┌──

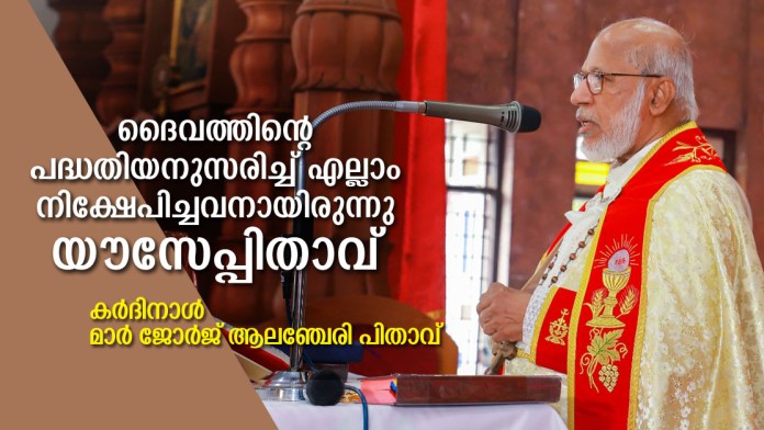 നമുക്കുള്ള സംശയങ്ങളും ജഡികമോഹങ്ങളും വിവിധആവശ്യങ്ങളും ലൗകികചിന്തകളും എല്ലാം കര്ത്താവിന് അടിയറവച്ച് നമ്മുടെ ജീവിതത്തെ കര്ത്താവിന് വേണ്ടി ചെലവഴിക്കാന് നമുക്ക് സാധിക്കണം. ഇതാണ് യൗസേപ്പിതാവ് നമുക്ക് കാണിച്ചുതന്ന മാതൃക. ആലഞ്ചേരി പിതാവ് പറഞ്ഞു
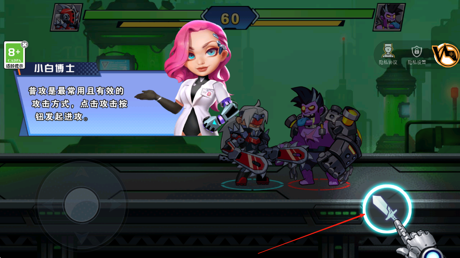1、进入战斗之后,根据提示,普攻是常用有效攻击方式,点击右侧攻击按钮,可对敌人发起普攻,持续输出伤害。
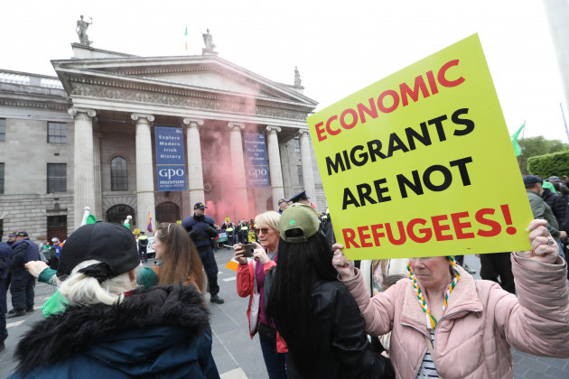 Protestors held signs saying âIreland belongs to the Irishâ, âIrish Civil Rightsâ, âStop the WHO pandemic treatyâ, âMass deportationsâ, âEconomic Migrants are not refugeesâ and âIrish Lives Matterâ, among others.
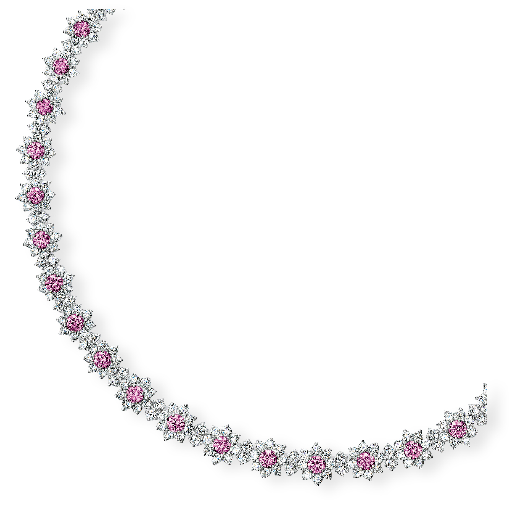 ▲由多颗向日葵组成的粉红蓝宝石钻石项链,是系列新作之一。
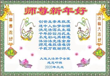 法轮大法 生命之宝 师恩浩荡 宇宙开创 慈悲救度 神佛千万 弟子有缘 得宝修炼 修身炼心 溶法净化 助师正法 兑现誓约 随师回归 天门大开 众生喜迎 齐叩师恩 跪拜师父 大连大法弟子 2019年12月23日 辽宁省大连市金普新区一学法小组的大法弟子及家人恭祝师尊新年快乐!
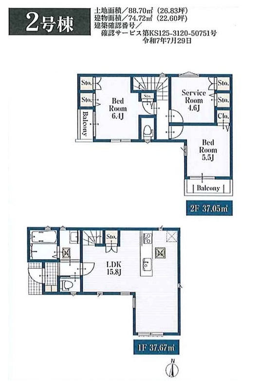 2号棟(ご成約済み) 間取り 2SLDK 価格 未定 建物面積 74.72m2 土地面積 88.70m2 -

└──

(Task):
The lines from the one holding "法轮大法 生命之宝 师恩浩荡" through the end of the entries are to be transcribed exactly, both ends included, with the pictures left out.

(Written response):
 法轮大法 生命之宝 师恩浩荡 宇宙开创 慈悲救度 神佛千万 弟子有缘 得宝修炼 修身炼心 溶法净化 助师正法 兑现誓约 随师回归 天门大开 众生喜迎 齐叩师恩 跪拜师父 大连大法弟子 2019年12月23日 辽宁省大连市金普新区一学法小组的大法弟子及家人恭祝师尊新年快乐!
 2号棟(ご成約済み) 間取り 2SLDK 価格 未定 建物面積 74.72m2 土地面積 88.70m2 -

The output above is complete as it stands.